Return, exactly as written, the lines of the material from its top through the line with "Workers install solar", keeping pictures out.

**********

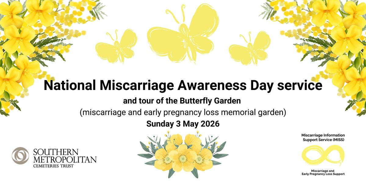 We warmly invite you to join us for the annual National Miscarriage Awareness Day service, including a guided tour of the Butterfly Garden (miscarriage and early pregnancy loss memorial garden) at Bunurong Memorial Park.
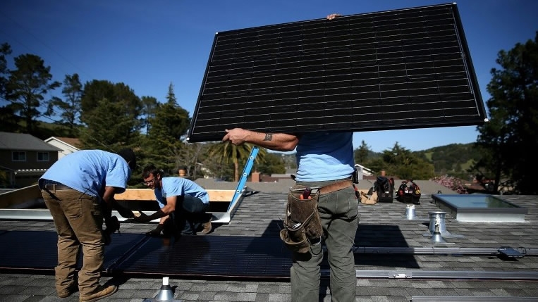 Workers install solar panels on the roof of a home in San Rafael, California, US. /AFP Photo
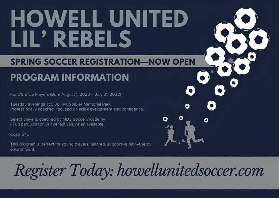 Lil' Rebels is an exciting new grassroots soccer program designed specifically for children aged 4 to 6. Professionally trained by MDS, this program focuses on teaching the basics of soccer in a fun and engaging environment. The aim is to foster a love for the sport while developing essential skills such as teamwork, coordination, and sportsmanship. Best of all, Lil' Rebels is offered at just $75, making it accessible to all families who want to introduce their young ones to the joys of soccer. Early soccer training offers numerous benefits, including the development of physical skills such as balance, coordination, and agility, as well as social skills like communication and teamwork. It also instills discipline and boosts self-confidence, promoting a healthy lifestyle from a young age. Howell United Soccer Club would be thrilled to welcome your child to the Lil' Rebels program. Our dedicated coaches are passionate about helping young players develop their skills and confidence on the field. By joining Lil' Rebels, your child will not only learn the fundamentals of soccer but also make new friends and create lasting memories. We can't wait to see your little one take their first steps in the world of soccer with us!
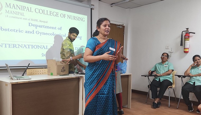The faculty of the Department of Obstetric and Gynaecological (OBG) Nursing along with II year MSc nursing students – OBG specialty, Manipal College of Nursing (MCON), MAHE, Manipal, organized an In-service education program for the staff nurses of Women and Child Health Block, Kasturba Hospital, Manipal based on the International Day of Midwives (IDM) theme “Together again; from evidence-based to reality.” The topic for the in-service education was ‘Real world significance of Evidence-Based Practice (EBP) for the midwife”, which was deliberated by Ms. Shobha, Lecturer, Department of OBG Nursing, MCON, MAHE, Manipal, who spoke a great deal on why EBP is essential for the practice of midwifery. She also elaborated on how EBP in nursing has changed a great deal of midwifery practice and how redundancy in professional practice is and can be reduced to a great extent. Many examples to explain this concept were also provided, which encouraged many nurses and midwives, to participate actively in the discussion that took place at the end of the session. A total of 36 participants, who included the nursing staff, Assistant Nursing Supervisors (ANSs), and the Nursing Quality team of Kasturba Hospital, Manipal attended the In-service education program. Participants provided feedback for the program.
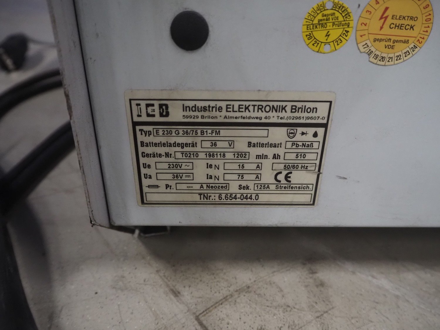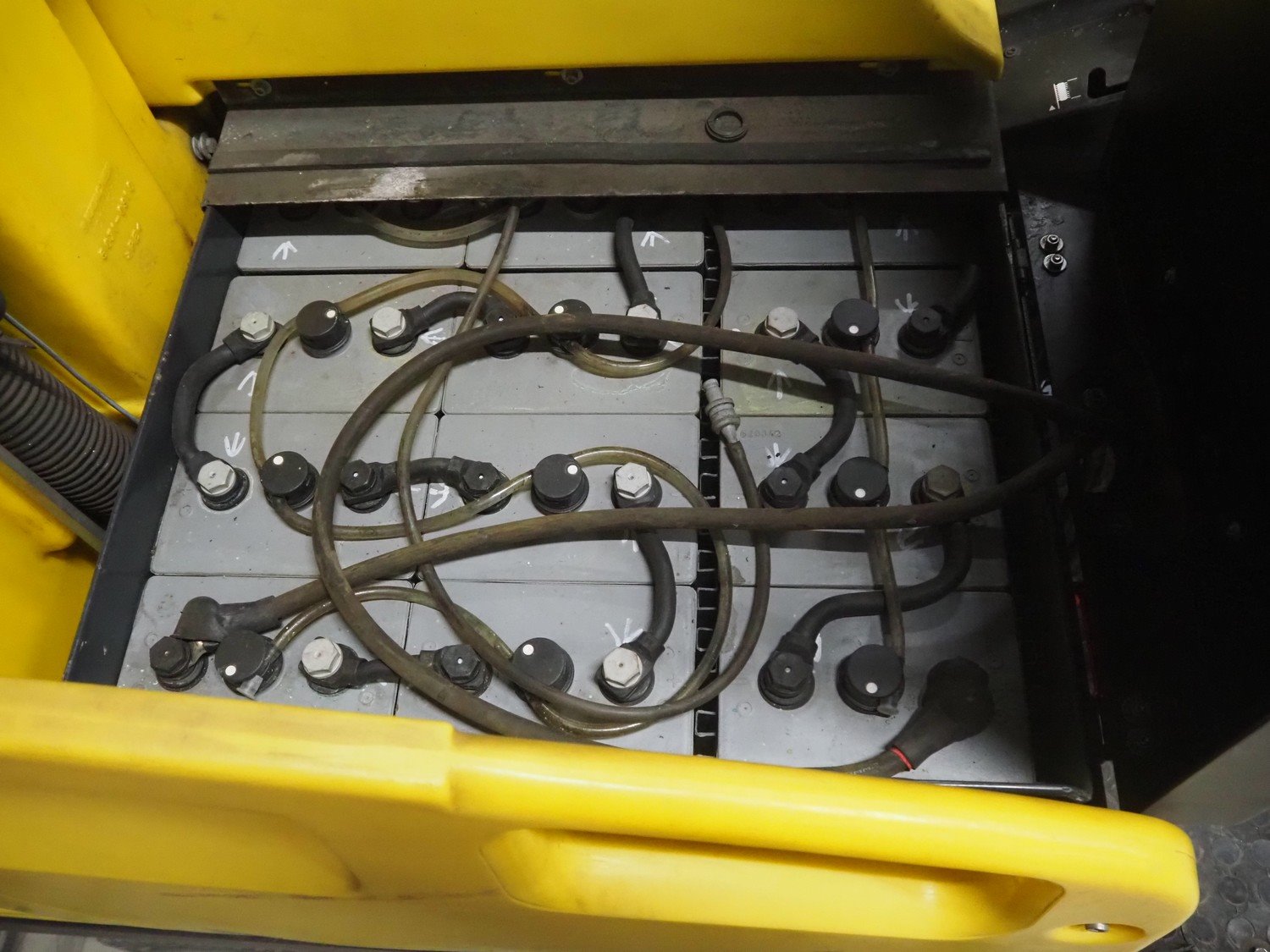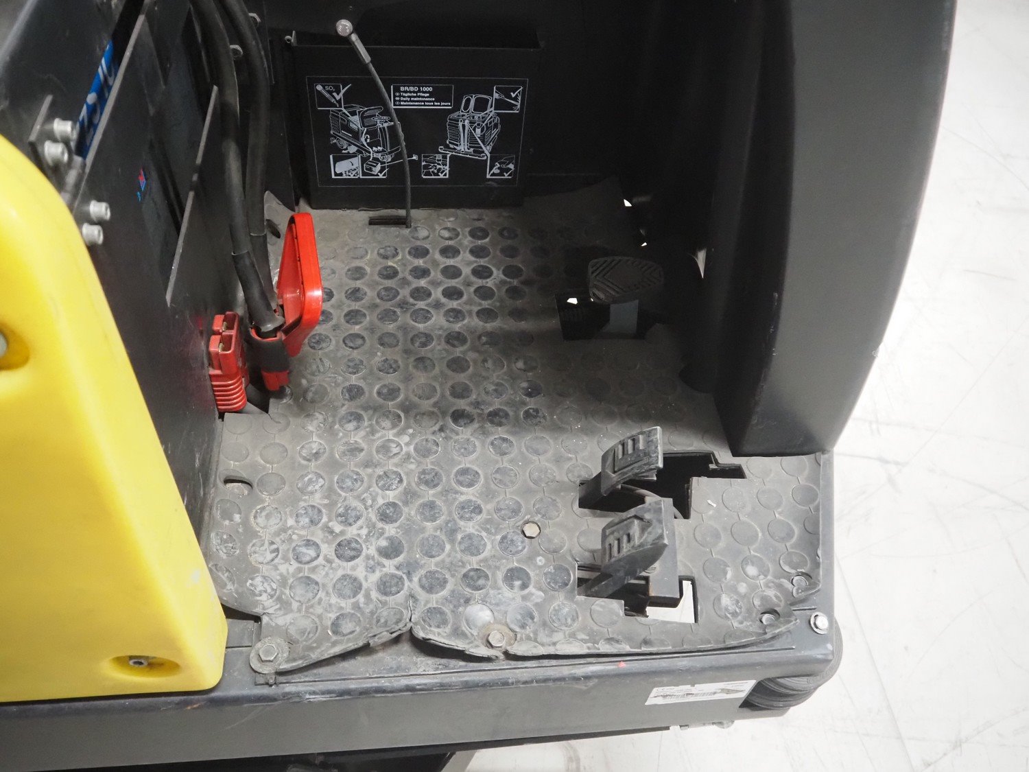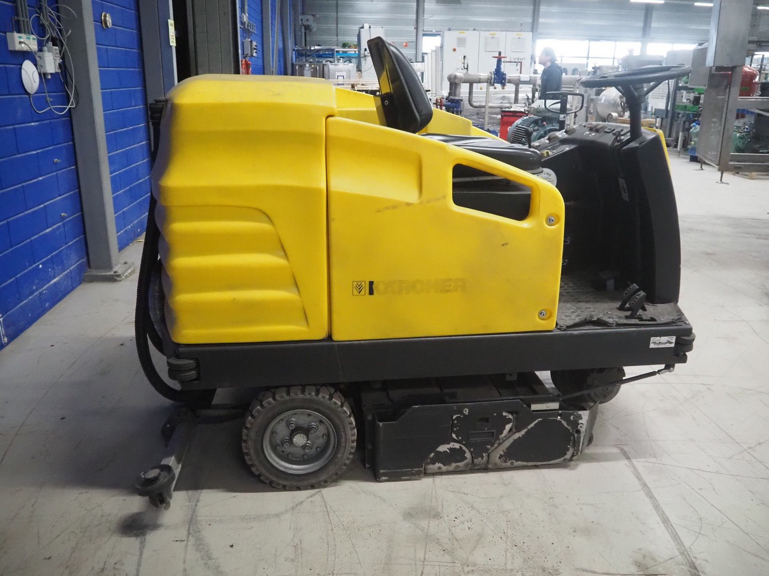 Kärcher floor scrubbing machine, model: BR 1000 bat pack, number: 010942, year of construction: 2002, 36 V, 5500 W, dimensions: 2000 mm x 1380 mm x 1450 mm. Including battery charger, type: E 230 G 36/75 B1-FM, 230 V, 1 Ph, 50/60 Hz, 15/75 A, dimensions: 500 mm x 380 mm x 360 mm. Kavel locatie: Looyenbeemd 11, 5652 BH Eindhoven, Nederland

**********

RESPONSE AREA:
 We warmly invite you to join us for the annual National Miscarriage Awareness Day service, including a guided tour of the Butterfly Garden (miscarriage and early pregnancy loss memorial garden) at Bunurong Memorial Park.
 Workers install solar panels on the roof of a home in San Rafael, California, US. /AFP Photo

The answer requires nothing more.